[BUG] Adding new on-by-default telemetry is a breaking change, and should involve a major version bump
Description/Screenshot
The v2.8.0 release notes include this line:
fetch Ajax tracking was also been change to be on by default from this version moving forward, if you are running in an environment without fetch support and you are using an incompatible polyfill (that doesn't identify itself as a polyfill) or the SDK you start seeing recursive or duplicate (fetch and XHR requests) being reported you WILL need to add disableFetchTracking with a value of true to your configuration to disable this functionality.
As a user of your library, enabling new telemetry by default is a big deal, especially for something that like a fetch URL that can easily include something like a user-specified GET parameter. Our team is careful to disable telemetry like this, so every case like this amounts to a breaking change for us (we have to modify our code to disable the new "feature").
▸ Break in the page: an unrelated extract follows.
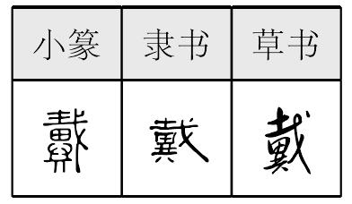 戴Dài现行较罕见姓氏。今北京,河北之尚义、乐亭,山东之平邑、龙口,山西之太原,湖北之监利,广西之田林,云南之泸水、陇川,四川之合江、南江等地均有分布。汉、满、蒙、藏、布依等多个民族有此姓。《郑通志》、《清通志》 之 《氏族略》 亦俱收载。其源不一: ❶郑樵注云: “(周不得姓之国),开封封邱县戴城是其国。隐公十年,郑人伐取之。或云: 旧考城县是,为宋人所灭,改名谷城,子孙以国为氏。” ❷又云: “宋戴公之后亦为戴氏,是以谥为氏者。” 此当系出子姓。 ❸ 《姓氏考略》 注引 《鼠璞》 云: “殷氏有改为戴者,以义改也。” ❹或为满族姓戴佳氏所改。 汉代有戴德,信都王太傅; 东晋有戴逵; 唐代有戴嵩; 宋代有戴复古;清代有戴震、戴望。 戴dài❶加在頭上,或用頭頂著。張衡《西京賦》:“戴翠帽,倚金較。” ❷冠。黄香《九宮賦》:“戴㠍岌而帶繚繞,曳陶匏以委蛇。” ❸覆蓋。班固《西都賦》:“上反宇以蓋戴,激日景而納光。” ❹尊奉,擁護。張衡《東京賦》:“百姓弗能忍,是用息肩於大漢,而欣戴高祖。” ❺通“載”。張衡《東京賦》:“戎士介而揚揮,戴金鉦而建黄鉞。” 戴读音d·ai(ˋ),为ai韵目,属ai—uai韵部。待戴切,去,代韵。 ❶头上戴着;戴帽子等的“戴”。 ❷拥护;爱戴;拥戴;尊奉。 上一条: 蝳 下一条: 襶 戴逮dǎi❶分物得增益。例:另多加~一份。 ❍ 多给撂~一点。 ❷竖立。例:硬耨~斡儿不动弹。 ❍ 晚上耨在暗处,立得端~~地怕人。 ❸引申烧、羞涩。例:帽子戴上,把人烧不来~的热。 ❍ 这事把人羞得颏(hāi)不来~的,丢人显眼的。 《说文》:“戴,分物得增益曰戴。”唐段成式《酉阳杂俎·黥》:“从者惊党,毛戴。”《辽史·礼志·嘉仪下》:“国语谓之‘戴辣’。戴,烧也。辣,甲(铠甲)也。” 戴〔dai〕 1.ndut; ~斗笠。.ndut gud. 2.zhaot; ~手镯。zhaot khangt baos. 戴孝 〔dai xiao〕 ndut xaob;danbxaob. 戴{}五7319①动喜爱。中原官话。山东梁山〖tε313〗。~吃‖~听‖~见。②动假惺惺地推崇人。吴语。浙江宁波。应钟《甬言稽诂・释言》:「(甬)俗以诡辞推崇人呼为~。」③介顺着。闽语。福建建阳〖tai32〗。   戴dài❶把东西加在头、面或身体其他部位 △ ~帽子|~眼镜|披星~月。 ❷比喻顶着、背负 △ ~罪立功。 ❸尊敬;推崇 △ 爱~|拥~。 ❹姓。 ★戴高帽子 ★穿戴 佩戴 张冠李戴 戴❶把东西加在头、脸、颈、胸、臂、手等处:~孝︱穿~︱插~︱~盆望天︱披星~月︱不共~天︱张冠李~。 ❷拥护;尊敬:拥~︱推~︱感~丨爱~︱翊(yi)~︱感恩~德。 戴dài❶ 把装饰性或保护性的东西放在头、眼、耳、鼻、手、臂、胸等部位:戴帽子│戴眼镜│戴护肘│戴红领巾。 ❷ 拥护、尊敬:爱戴│拥戴│推戴│感戴。 ❸ 比喻顶着,承受:披星戴月│戴罪立功。 ❹ 姓。 戴dài把东西放在头、面、胸、臂、腕、手等处。 【词汇】戴孝︱佩戴 【组词】戴手表︱不共戴天︱披星戴月︱戴罪立功︱戴高帽子︱戴校徽 【例句】坐在当中戴红领巾的男孩,仰着头,正在高声背诵英语单词,旁边放着英语卡片。 ❍ 邓奶奶70多岁了。她戴着老花镜,安详地坐在沙发上,给我们敬爱的周恩来总理补睡衣。 【近义】带︱佩︱挂 【反义】脱︱摘︱取 戴(1次) 通载,负载。鳌~山抃《天》 戴dài通“载”,负载,背负。《天问》:“鳌戴山抃,何以安之?”王逸注:“《列仙传》曰: 有巨灵之鳌,背负蓬莱之山而抃舞,戏沧海之中,独何以安之乎?”洪兴祖补注:“《列子》云:五山之根,无所连箸,帝命禺强使巨鳌十五,举首而戴之,迭为三番,六万岁一交焉,五山始峙而不动。”金开诚校注:“戴,背负。”汤炳正今注:“戴,背负。” 戴dai戴胜1 戴孝 爱戴 插戴 穿戴 感戴 佩戴 推戴 拥戴戴绿帽子 戴高帽子 戴金插银 戴帽大学 戴盆望天2 戴霜履冰戴天覆地 戴圆履方3 戴月披星 戴罪立功 张冠李戴 戴有色眼镜4 戴dai把东西加在头、脸、胸、手臂等处:~帽子|~眼镜|~戒指|胸前~了一朵大红花|战士们~着袖标,在黑夜之中出发了。 戴(同)带 穿 (反)脱 戴dāi把帽子、饰物等安置在人身上某一处:小丫头忙捧过斗笠来,宝玉便把头略低一低,命他~上。(八·188)(宝玉)身上穿着银红撒花半旧大袄,仍旧~着项圈、宝玉、寄名锁、护身符等物。(三·67)

It's very frustrating to see a change note this dangerous buried in the middle of a non-breaking version update.
In the future, it would be preferable to have new on-by-default telemetry be highlighed in release notes as a breaking change, and for it to accordingly use a major semantic version bump.
Steps to Reproduce n/a
Expected behavior Library changes that require users to make code changes should be clearly marked as breaking changes.
Additional context n/a
Noted: Will rework the release notes for this release as it's now out there.
For context (not that it helps for your team) we delayed this change from a 2.7.x release due to these concerns, but we have been receiving more issues about not having it enabled by default which is why we flipped the switch with this 2.8.x release.
Thanks for updating the notes!
I definitely appreciate the desire to make the defaults consistent with the related on-by-default cases, and there's not much to be done about it now; we'd just appreciate such changes being semver-major in the future, to make it harder to introduce GDPR/etc issues by accident during routine dependency updates.